The premise in that article was the Free Exercise Clause. As an atheist, I don't like government favoring religions over others, but the reason for the ban is to prevent terrorism. Are you going to be obtuse and tell me with a straight face that Europe doesn't have a problem?
It was primarily about the order's violation of the 1st amendment, but not solely. One of the most important parts is this:
Once the plaintiffs provide evidence that a facially neutral law or regulation may have an unconstitutional discriminatory purpose,
the government has the burden of proving that it would still have adopted the policy in question even in the absence of any illicit motive. As the Judge James Robart
put it in the oral argument held before he issued the order suspending enforcement of the order, the government must, at the very least, prove that its policy is “grounded in fact instead of fiction.” The administration is highly unlikely to be able to do that because the security rationale for the order is laughably weak.

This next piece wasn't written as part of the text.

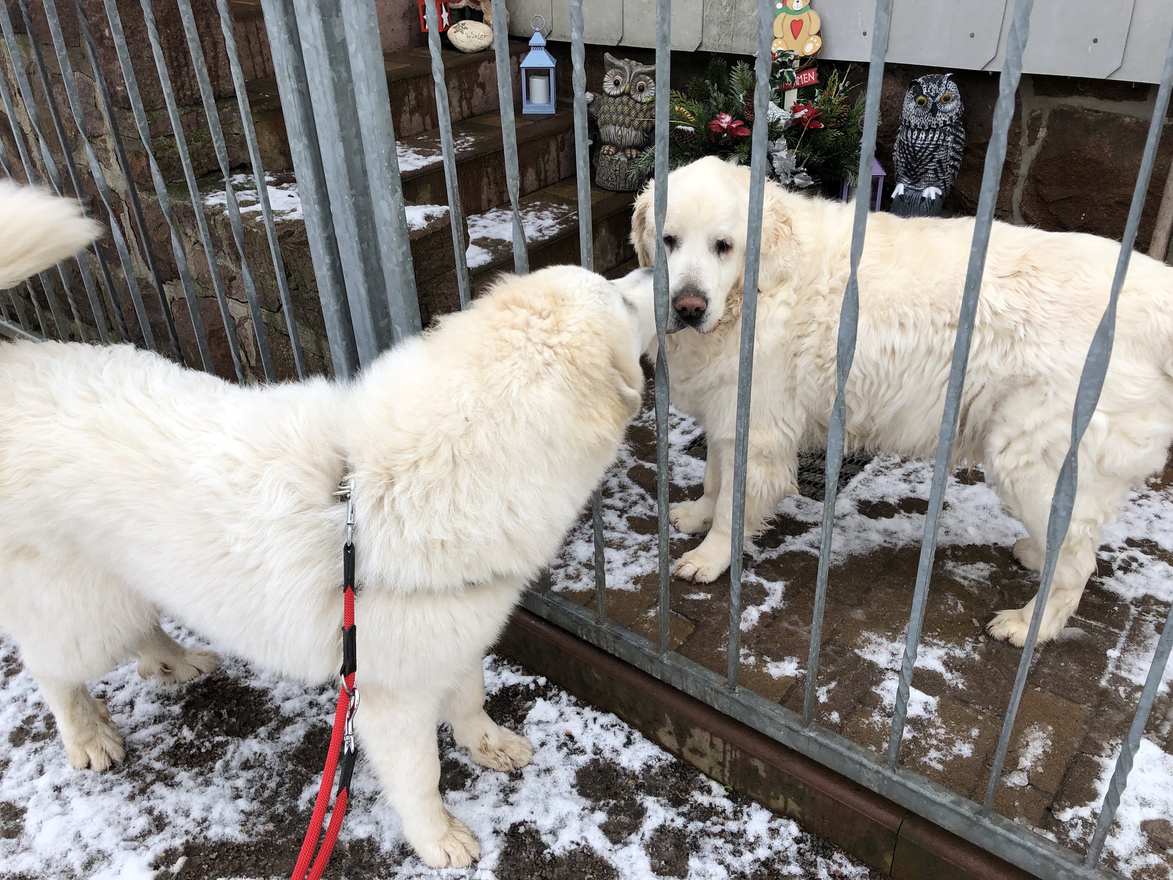So, jetzt hat die Bella ausgeschlafen. Bella hat heute nämlich ganzganzganz lange geschlafen. Weiiil, ich war ja gestern bei der Hundeweihnachtsfeier. Mit meiner Sissi-Schwester und meiner Ivi-Mami und meinem riesigen Fin und ganzganz vielen anderen Pyris und Menschen und Hunden zusammen und das war sooooo schön. Und da bin ich erst ganzganz spät in meine Villa „Idefix“ zum Schlafen. Und da habe ich heute mal länger geschlafen. Mein Menschenopa hat mich dann begrüßt und kurz danach kam auch mein großer Mensch. Da hat es schon geschneet. Aber kein schöner Knisterschnee, sondern Matschepampeschnee.

Not only has not one single, solitary American been killed by a domestic terrorist from one of those countries since 9/11, not one single, solitary citizen or former citizen of those countries has even been arrested for attempting a domestic terrorist attack. This means the argument is basically that this order is necessary to protect the United States from a type of terrorism that hasn't happened even a single time in more than fifteen years without the order. It's hard to imagine a weaker case than that so even ignoring the 1st amendment problems this should probably be thrown out for being irrational.

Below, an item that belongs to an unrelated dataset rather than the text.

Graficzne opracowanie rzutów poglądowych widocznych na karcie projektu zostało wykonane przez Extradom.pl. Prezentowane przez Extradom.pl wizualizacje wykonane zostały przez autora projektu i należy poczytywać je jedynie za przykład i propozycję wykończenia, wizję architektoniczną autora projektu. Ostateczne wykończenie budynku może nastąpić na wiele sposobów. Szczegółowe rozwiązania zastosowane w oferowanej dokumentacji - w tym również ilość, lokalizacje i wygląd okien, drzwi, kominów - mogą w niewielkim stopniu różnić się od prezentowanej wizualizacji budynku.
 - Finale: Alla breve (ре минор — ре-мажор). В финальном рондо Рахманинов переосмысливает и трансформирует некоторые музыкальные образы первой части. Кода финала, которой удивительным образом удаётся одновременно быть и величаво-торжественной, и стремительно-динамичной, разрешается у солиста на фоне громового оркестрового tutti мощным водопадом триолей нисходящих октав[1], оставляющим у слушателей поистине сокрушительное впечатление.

That's the default position, but something can be stupid and constitutional, you know.
They sure can be, just not in this case, haha.

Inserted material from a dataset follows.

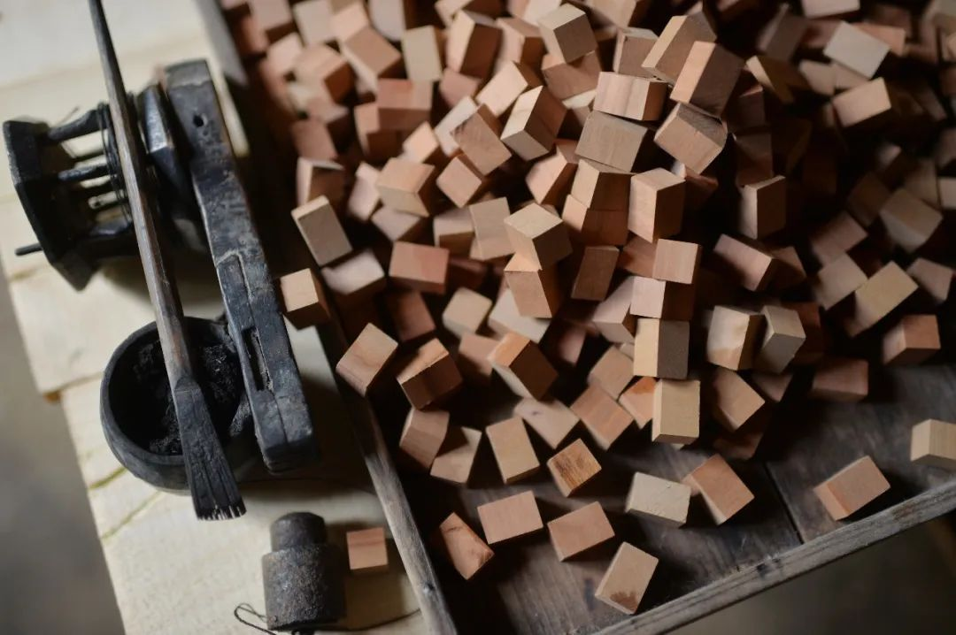 木活字印刷术分为八道工序:即选料备料、字坯制作、字模雕刻、捡字排版、印刷校对、拆版还字、分册折页、盖印编号。实践团的成员们有幸亲眼目睹了木活字印刷工艺,吴汉涌首先为同学们展示木活字字模雕刻工艺,只见他手持一把普通而又具有年岁的刻刀,左手扶着木坯,专心致志地雕刻,不一会儿,一枚精美的汉字跃然于木坯之上。精湛的手艺,赢得了同学们的喝彩。之后,吴汉涌还陆续展示了拣字制框、上墨、印刷等工序,让大家赞叹不已。

That argument is weak and lame. The US doesn't have that much Muslims to begin with (with many coming from other countries who did carry out attacks or were thwarted before doing so), and just because it's partial, doesn't mean it doesn't have merit. If gun laws don't encompass everything, does that mean it's without reason? Many of the people arguing against this ban for this reason have no problem with a half-***** gun ban.
Nope, that argument basically shows why this order is stupid and why people defending it aren't thinking logically. It's an order designed to stop and prevent something that wasn't happening anyway and it works to stop it in the most ham-handed, costly way possible. Every law and regulation has costs and (supposed) benefits. Empirical research into the effects of gun control show it is effective in reducing gun deaths, meaning that you're getting a clear benefit for those costs. It's going to be hard to reduce the deaths from terrorism here below their current number of zero.
So even if it wasn't unconstitutional, which it is, it's a stupid policy anyway. We should all be thankful the courts not only saved us from a breach of the constitution, but also from some truly moronic, irrational policy.